Even as the season pass world has consolidated, smaller resorts have found ways to thrive outside the Epic and Ikon systems. The secret seems to be to lean into who they’ve always been, as opposed to pretending to be who they’re not. Sunlight Mountain, a few miles from Glenwood Springs and a short drive from Aspen, doesn’t really see the world-famous resort as competition. Spokesman Troy Hawks thinks they attract entirely different skiers.
“You'll be hard pressed to find shiny gold or patent leather at Sunlight,” he quipped. “You're more likely to find flannel and blue jeans and camo.”
Sunlight’s even started to make camouflage trucker hats, as it continues to woo the kind of skier who may have gone hunting the day before.
Like most of these smaller, cheaper ski resorts, it’s also built a network of partnerships with other similar ski areas. A season pass at one offers you access to dozens of others across Colorado — and the country. A Sunlight pass even gets you a couple of international ski destinations, too.

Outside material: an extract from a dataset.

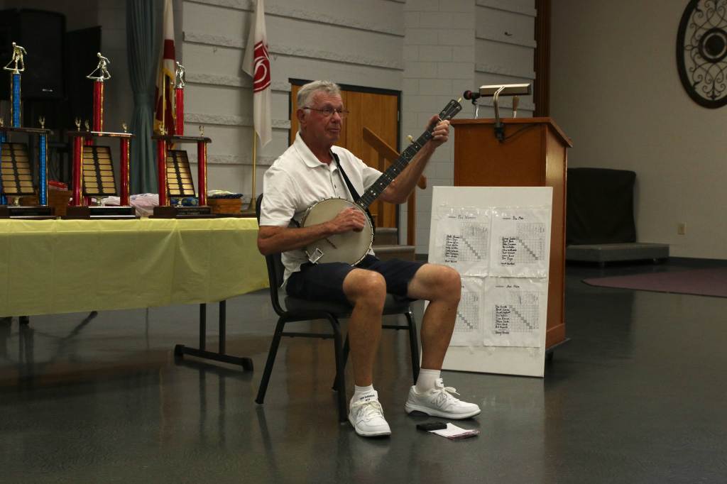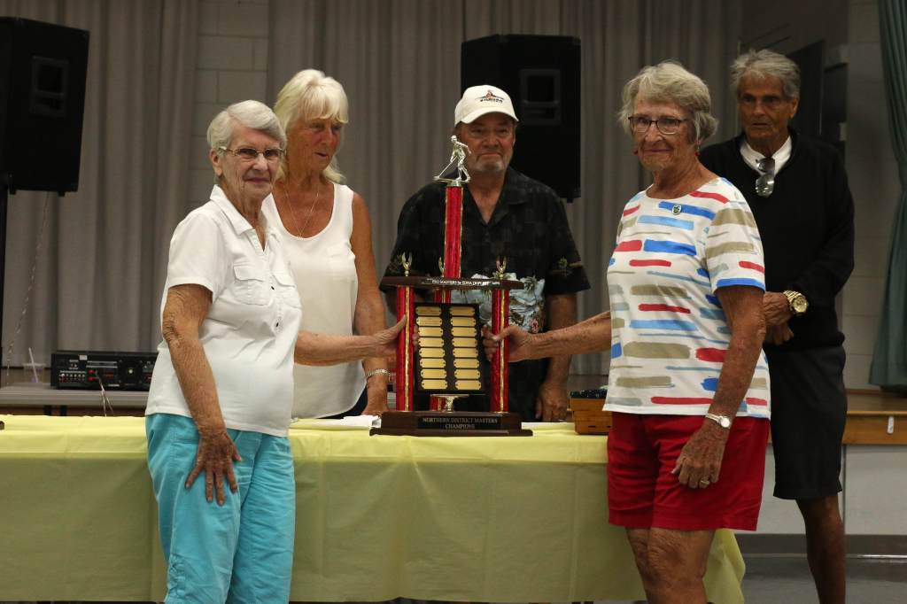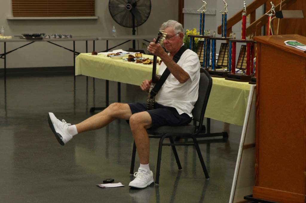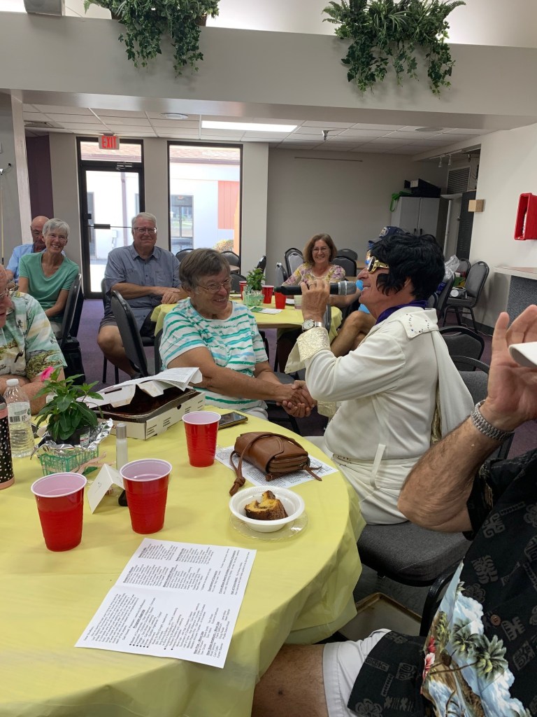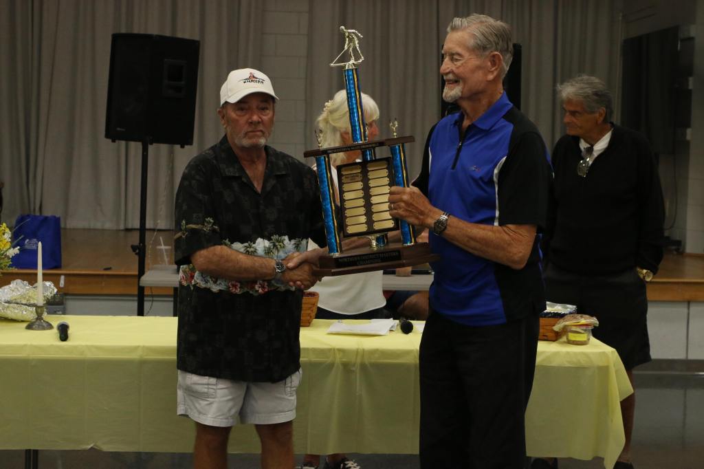 The Leesburg Shuffleboard Club hosted the 2023 Masters Tournament. Rod Lewis was the Director and Gail Howell and Carol Helfer did a great job organizing the tournament and setting up all the food and entertainment for the Masters Banquet which followed the tournament. Stan Williamson was the MC for the night’s entertainment. There were trophy presentations, pin presentations and entertainment by Rick Enright as Elvis, Jim Faust playing his banjo and Zak Wonson and Joe Inga as Abbot and Costello. They presented George Snyder with an Iron Man Award for successfully playing in all Northern District Tournaments this season. Stan had some really big red underwear? Tom Brown and Gloria Boring were presented with the Frank Wilson Special Award for Amateur Winners of the TOC.

But small ski areas know there’s only so much they can do to entice that coveted group of existing skiers and boarders. To survive, they also have to make new ones.
At Powderhorn Ski Resort, high on a mesa less than an hour from Grand Junction, people can learn to ski or snowboard for free — as in three free lessons with free equipment rentals. The target, spokesman Ryan Robinson said, is people who thought winter sports were unaffordable and “beyond their ability levels.”
The hope is to “break down those barriers to entry and get more people on the mountain,” he said.
It’s working. Thanks to the program, and season pass prices that have been slashed nearly in half, pass holders at Powderhorn have increased 65 percent in only two years. And every day, a crew crop of nascent skiers and boarders take lessons, as wobbly and determined as newborn horses taking their first steps.
On a recent weekend, 27-year-old Krystal Bostrom was one of them. Even though she lives close by, she never saw herself as a skier.
“I think it just scared me too much and very expensive a lot of the time,” she said.
But the free ski program had enticed her and her boyfriend to give it a shot. Over the course of their first lesson, they went from learning to walk in their ski boots to gliding on snow for the very first time. After a few hours and a few falls, they graduated to their first real hill.
By the time she slid slowly to the bottom, Bostrom was laughing.
“We made it!” she called out, slightly joking and totally proud.
She talked about feeling “way more confident” and wanting to learn to be better. And when asked if she would keep coming back, she replied with a sunny “Yeah!” and made her way back to the lift.